Влажный воздух. Влажные листья, сопревшие, темно-бурые, но если закопаться в них, становится теплей. В сон клонит. И иногда Ийлэ позволяет себе поспать, правда недолго, просыпается от голода и еще потому, что отродье вновь подходит к самому краю. Нить его жизни, и без того тонкая, ныне вовсе стала паутиной из тех, старых, которые рвутся не прикосновением – дыханием.
Дыханием и спасаются.
Ийлэ наклоняется к бледному лицу, стараясь не замечать черт его, раскрывает губы и вливает в раззявленный рот отродья еще немного сил: если умирать, то вдвоем. А там какая разница – в дожде ли, в снегу, до которого уже недолго. А еще раньше, предупреждая, ударят морозы, и лес окончательно провалится в глубокий сон. Силы иссякнут.
И закончится эта нелепая, самой Ийлэ непонятная борьба.

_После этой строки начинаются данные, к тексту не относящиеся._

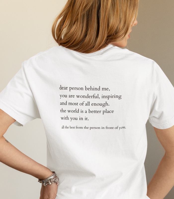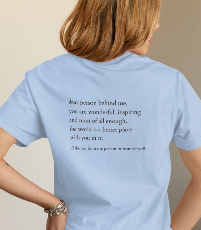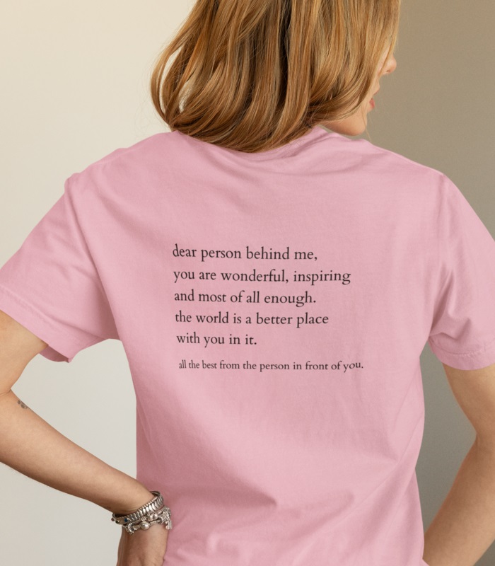 Schaffe positive Energie mit unserem „Dear person behind me“ T-Shirt! Ein liebevolles Design, das anderen eine Freude bereitet und für mehr Achtsamkeit im Alltag sorgt. Der V-Ausschnitt bietet einen angenehmen Tragekomfort.

Давно пора бы, а она все живет. Вчера, позавчера и за день до того. И дни сплетаются бесконечной вереницей. Дни забрали лето и удобную обжитую нору, заставив пробираться к дому, который, предатель, стоит, будто бы и не случилось ничего…
…она вжалась в листву.
Мокрая.
И одежда мокрая. И тряпье, в которое завернуто отродье, тоже мокрое. А в доме сухо. Он ведь рядом, Ийлэ знает и эту ель, и поле, и тропу, которая, верно, не заросла. На кухне всегда оставляли дверь открытой…
– Глупость. – Ийлэ потрогала языком клыки. – Соваться туда – безумие…

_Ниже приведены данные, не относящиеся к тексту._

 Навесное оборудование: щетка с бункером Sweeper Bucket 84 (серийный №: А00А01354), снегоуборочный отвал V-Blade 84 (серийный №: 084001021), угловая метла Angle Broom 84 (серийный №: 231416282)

Ветер тронул ель, и та покачнулась, стряхивая с ветвей воду.
Соваться – одно безумие, оставаться – другое. И какое из двух будет менее болезненным? Если остаться, отродье точно ночь не протянет. А в дом… можно попробовать войти тихо… и тихо же выйти… Ийлэ ведь немного нужно.
Еды.
Для нее и для отродья, которое смотрит, ждет и, наверное, смирилось уже.
Ийлэ легла рядом, закрыла глаза, прислушиваясь к шелесту дождя. Она попробует, просто попробует. Не ради отродья, но потому что сама нуждается в еде. Надо только подождать, когда наступит вечер…

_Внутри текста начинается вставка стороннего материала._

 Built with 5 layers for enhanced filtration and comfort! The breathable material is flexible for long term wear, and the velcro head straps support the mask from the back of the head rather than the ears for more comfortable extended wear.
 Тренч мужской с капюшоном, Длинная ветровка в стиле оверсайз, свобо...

Солнце утонуло в небесных хлябях. И закат отгорел, тусклый, разбавленный. Темнота же получилась кромешною.
Ийлэ не нужен был свет, она тропу помнила распрекрасно. Шла. Кралась, едва ли не на цыпочках. С поля кукурузу так и не убрали. Стебли ее терлись друг о друга, шелестели, ложились под ноги, тонули во влажной земле. И тропа вихляла.
А дом не приближался.
Он появился как-то вдруг, темной громадиной. Ийлэ замерла на краю, разглядывая его жадно, пытаясь понять, что же изменилось.